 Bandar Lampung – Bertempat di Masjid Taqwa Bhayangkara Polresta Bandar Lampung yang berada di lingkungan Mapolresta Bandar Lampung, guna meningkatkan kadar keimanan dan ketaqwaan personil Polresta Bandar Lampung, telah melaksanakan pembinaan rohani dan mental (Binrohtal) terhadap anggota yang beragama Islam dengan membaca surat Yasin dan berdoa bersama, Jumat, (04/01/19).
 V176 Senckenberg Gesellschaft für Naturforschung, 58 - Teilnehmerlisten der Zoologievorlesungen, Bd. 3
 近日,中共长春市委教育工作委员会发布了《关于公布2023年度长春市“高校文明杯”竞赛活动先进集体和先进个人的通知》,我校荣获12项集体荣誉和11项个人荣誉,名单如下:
...
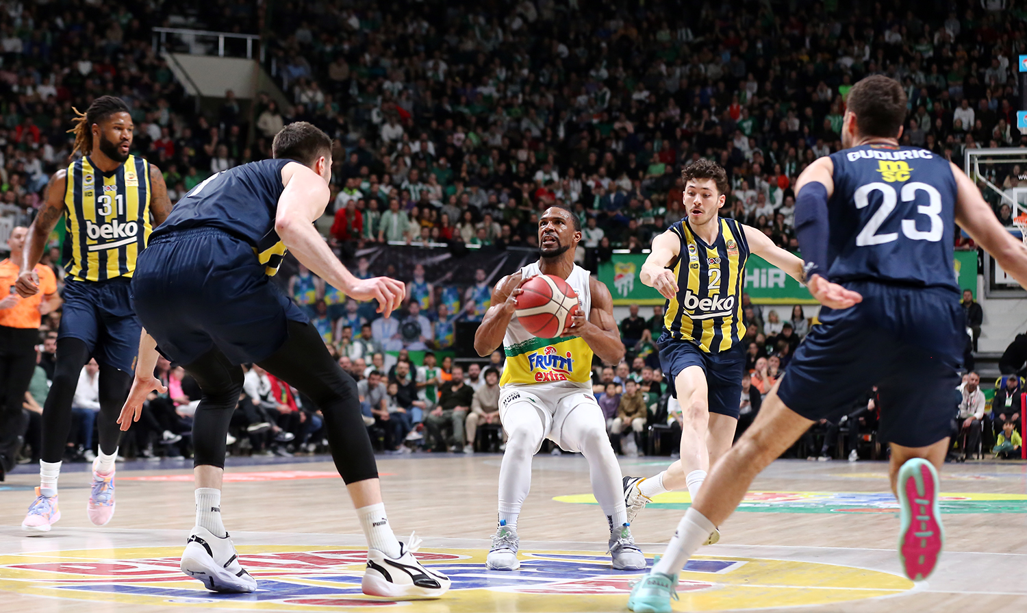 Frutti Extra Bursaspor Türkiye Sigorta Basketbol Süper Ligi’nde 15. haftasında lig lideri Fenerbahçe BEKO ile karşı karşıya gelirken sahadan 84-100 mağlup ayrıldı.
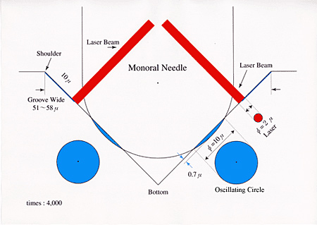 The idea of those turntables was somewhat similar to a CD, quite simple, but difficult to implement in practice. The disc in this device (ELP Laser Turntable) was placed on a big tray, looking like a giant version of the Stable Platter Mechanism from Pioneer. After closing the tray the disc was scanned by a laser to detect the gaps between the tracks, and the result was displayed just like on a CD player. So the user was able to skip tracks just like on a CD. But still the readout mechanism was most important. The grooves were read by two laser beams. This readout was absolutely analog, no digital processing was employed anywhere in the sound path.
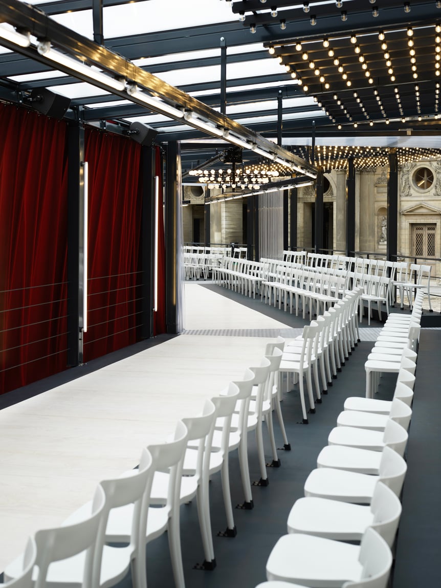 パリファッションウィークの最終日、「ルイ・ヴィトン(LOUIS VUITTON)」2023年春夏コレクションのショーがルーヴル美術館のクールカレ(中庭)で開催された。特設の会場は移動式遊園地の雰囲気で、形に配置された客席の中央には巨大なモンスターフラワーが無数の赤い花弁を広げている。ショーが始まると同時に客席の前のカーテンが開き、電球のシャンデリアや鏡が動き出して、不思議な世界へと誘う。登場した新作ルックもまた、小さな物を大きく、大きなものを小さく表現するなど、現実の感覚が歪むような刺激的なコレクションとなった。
* * *
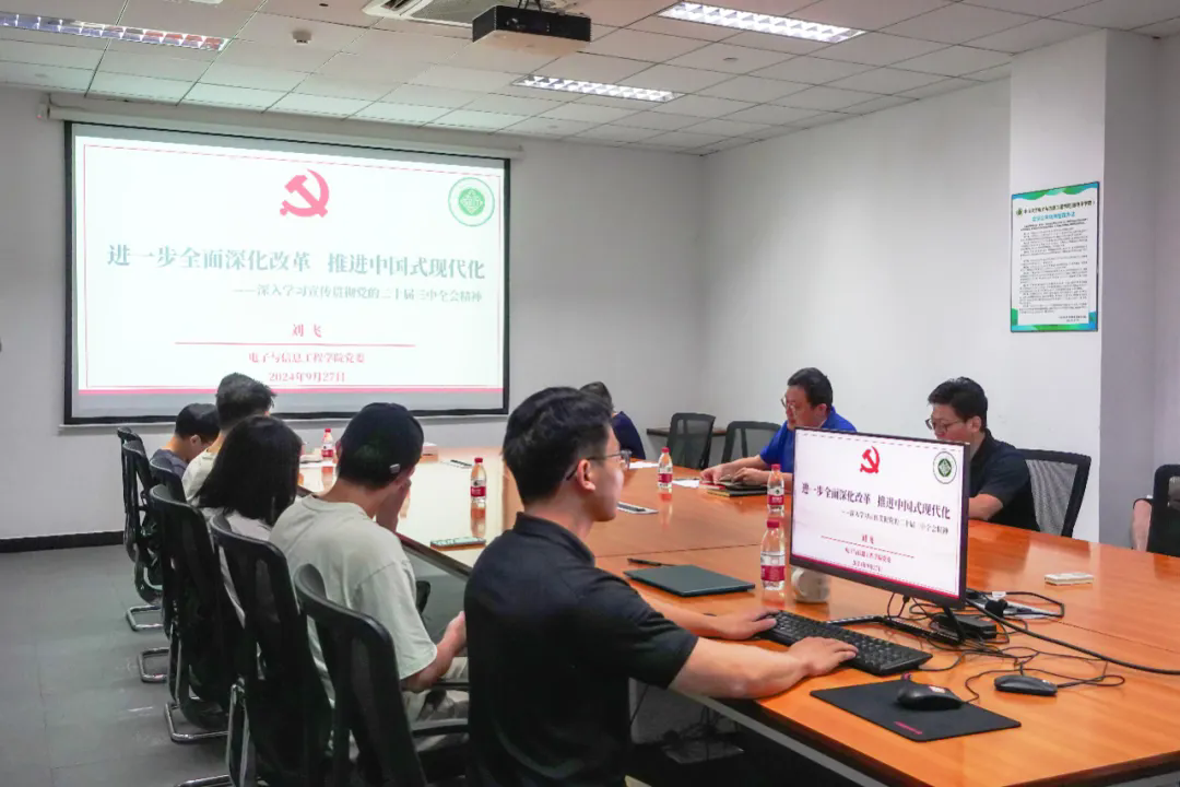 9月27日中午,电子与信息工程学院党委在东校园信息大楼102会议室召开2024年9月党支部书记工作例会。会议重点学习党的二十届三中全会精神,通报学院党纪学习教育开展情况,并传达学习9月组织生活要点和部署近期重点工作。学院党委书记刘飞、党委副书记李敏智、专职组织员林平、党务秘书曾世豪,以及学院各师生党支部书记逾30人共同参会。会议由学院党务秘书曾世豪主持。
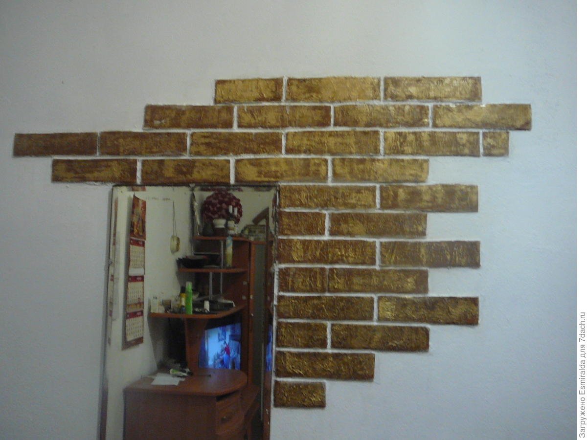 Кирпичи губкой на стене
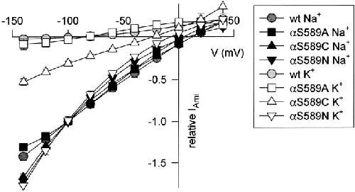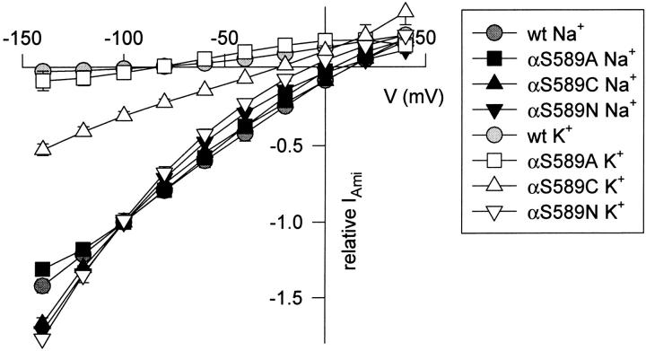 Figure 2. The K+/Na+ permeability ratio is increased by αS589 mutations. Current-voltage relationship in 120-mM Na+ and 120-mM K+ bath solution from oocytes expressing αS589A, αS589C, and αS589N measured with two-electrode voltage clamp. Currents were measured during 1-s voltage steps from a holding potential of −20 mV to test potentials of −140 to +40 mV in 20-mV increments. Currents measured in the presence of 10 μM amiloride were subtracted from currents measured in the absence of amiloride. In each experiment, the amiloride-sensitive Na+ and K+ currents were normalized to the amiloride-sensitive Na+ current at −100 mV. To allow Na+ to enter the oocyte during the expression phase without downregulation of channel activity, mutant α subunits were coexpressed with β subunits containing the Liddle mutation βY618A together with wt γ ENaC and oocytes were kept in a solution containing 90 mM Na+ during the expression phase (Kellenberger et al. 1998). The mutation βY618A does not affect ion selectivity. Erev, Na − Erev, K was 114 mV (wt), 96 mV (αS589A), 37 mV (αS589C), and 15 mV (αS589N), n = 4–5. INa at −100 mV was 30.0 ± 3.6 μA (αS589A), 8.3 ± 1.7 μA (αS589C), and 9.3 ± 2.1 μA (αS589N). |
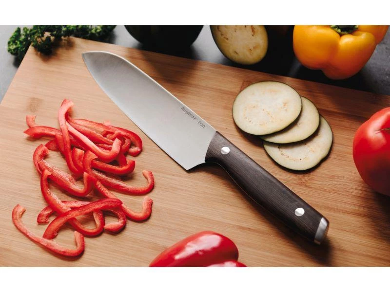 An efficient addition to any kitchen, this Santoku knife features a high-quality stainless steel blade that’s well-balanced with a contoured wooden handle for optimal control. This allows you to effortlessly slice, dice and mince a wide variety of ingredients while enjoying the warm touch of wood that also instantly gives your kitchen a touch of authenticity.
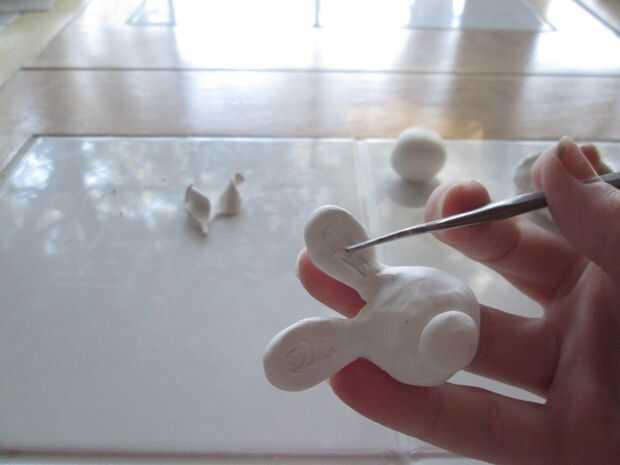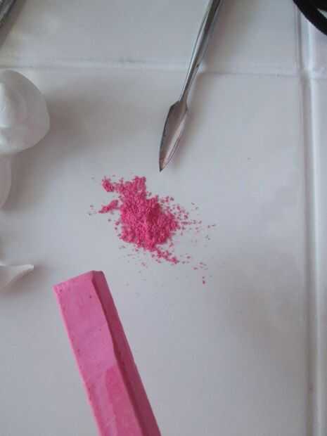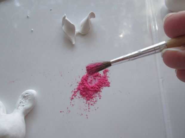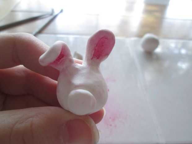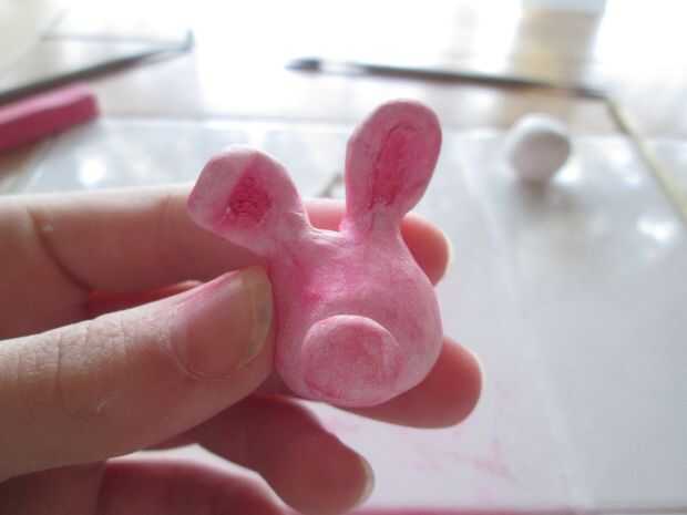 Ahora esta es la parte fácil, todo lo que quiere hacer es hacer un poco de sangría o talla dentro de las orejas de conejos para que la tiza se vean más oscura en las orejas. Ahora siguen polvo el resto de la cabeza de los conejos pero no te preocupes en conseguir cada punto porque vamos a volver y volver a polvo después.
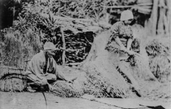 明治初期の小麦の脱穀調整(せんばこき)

AIM OF THE EXERCISE
Every line above from the one with "Ahora esta es" down to the one with "明治初期の小麦の脱穀調整(せんばこき)" must be written out exactly, and no picture may appear.

ANSWER BOX
 Ahora esta es la parte fácil, todo lo que quiere hacer es hacer un poco de sangría o talla dentro de las orejas de conejos para que la tiza se vean más oscura en las orejas. Ahora siguen polvo el resto de la cabeza de los conejos pero no te preocupes en conseguir cada punto porque vamos a volver y volver a polvo después.
 明治初期の小麦の脱穀調整(せんばこき)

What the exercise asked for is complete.